P6 CrossFit – CrossFit
Warm-up (No Measure)
1. Banded 5s
2. Movement Prep/Activation and Increasing Heart Rate
1:30 easy Row (OR 1:30 jog)
5 Deep lunge, Elbow to floor stretch (R/L)
5 Bottom half burpee
3. Workout Prep
150m Row Fast (OR 150m Jog)
rest 30 secs between rounds –
You Only Live Twice (Time)
*new set every 2:30*
10 Lateral Burpees Over the Rower (or Over a Dumbbell)
Target Time each set: 1:45-1:55
Time Cap each set: 2:00
These are quick rounds in a short time window so the row must be a fast pace but not too fast so that you can’t get off the rower and do burpees.
This is another great interval workout that will test not only your sprint ability but your long term capacity.

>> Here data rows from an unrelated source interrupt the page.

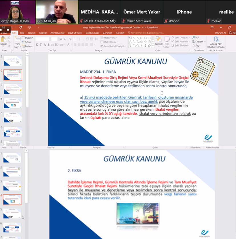 TEDAR ve Subaşı Gümrük Müşavirliği iş birliği ile organize edilen ikinci eğitim “Incoterms 2020 ...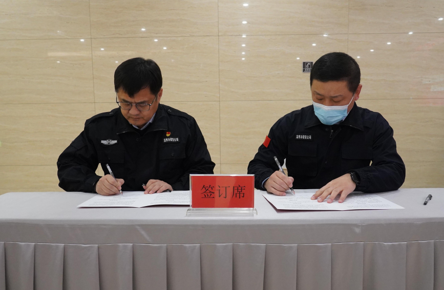 黨委書記、董事長(zhǎng)付志欣同志與中層代表簽訂2023年度黨風(fēng)廉政建設(shè)目標(biāo)責(zé)任書、2023年度安全生產(chǎn)目標(biāo)責(zé)任書,與押運(yùn)隊(duì)員代表簽訂持槍人員規(guī)范用槍承諾書。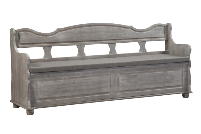 Slagbenken har masse oppbevaringsplass under setet. Her i rød aldringsmalt utførelse.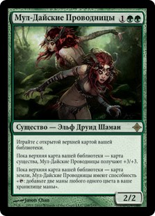 | Rules | Play with the top card of your library revealed. As long as the top card of your library is a creature card, Mul Daya Channelers gets +3/+3. As long as the top card of your library is a land card, Mul Daya Channelers has ": Add two mana of any one color." |

Setting the pace and maintaining is what we are looking for in this workout. Push to hold on!
WORKOUT STRATEGY & FLOW
Row: The row should be fast but not a max effort. Get the fan rolling off the start then settle into a 85-90% effort. Cruise the last few meters to taper down the heart rate before stepping off. Goal is sub 1:00 on the row.
Lateral Burpee Over the Rower: These should be very smooth and quick. Stay low to the ground and make sure to breathe. Goal is sub 40 seconds on the burpees.
The SCALING aim is to maintain high intensity on the rower while being able to push on the burpees.
Scale to finish near the target score:
*New set every 2:30
250m/200m Row (OR 250m Run)
8 Lateral Burpee Over Rower (OR over dumbbell)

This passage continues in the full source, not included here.